When someone lives as a minority, they experience the world differently than those of us who live in the majority.
We may occupy the same physical space, but we don't occupy the same psychic space. I think it's important to look at the issue through the eyes of experience.
Let's start with a review of some of today's stories:
Today on Fox News, Geraldo Rivera blamed the hoodie for the killing of Trayvon Martin.
Today in Louisiana, a woman at a gun range yelled to Rick Santorum to pretend that he was shooting president Obama.
Today in North Carolina, we learned that a cartoonist from a conservative think tank resigned after drawing a chained Obama wearing high heels and standing over a bucket from Kentucky Fried Chicken.
Today, a mother in Detroit instructed her 10-year-old honor student, "don't ever run down the street. Keep your hands out of your pockets, son. It's not your fault.
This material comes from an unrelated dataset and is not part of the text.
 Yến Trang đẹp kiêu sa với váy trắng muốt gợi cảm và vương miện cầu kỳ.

It's just the way it is."
Every day in America, African Americans are reminded of their race in ways large and small. Every day. Today in America we are no more "post-racial" than we are "post-partisan." We have a long way to go.
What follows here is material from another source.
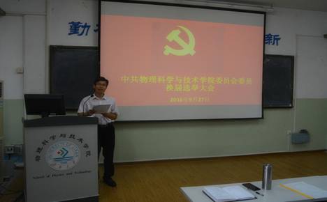 2016年9月27日下午,物理胜游体育(中国)官方在线党委在学院会议室召开了委员换届选举大会,会议由陈刚副院长主持,学院党委上届委员、全体教工中国共产党员和学生中国共产党员共计86人出席了会议。

But today in America, something else happened. In a garden surrounded by roses, a leader said this: "If I had a son, he'd look like Trayvon."
Ten words. Those words opened the ears of some and soothed the hearts of many.
And unfortunately, those words rekindled the rage of others. The usual suspects all came out to squeal.
Conservative columnist Michelle Malkin accused Obama of "political opportunism" and trying to "pour gas on the fire" for empathizing with Trayvon's parents.
Conservative Matt Drudge's Web page stoked fears of "retaliation," and cited Louis Farrakhan. And there were more.
It's got to be frustrating to be so predictable.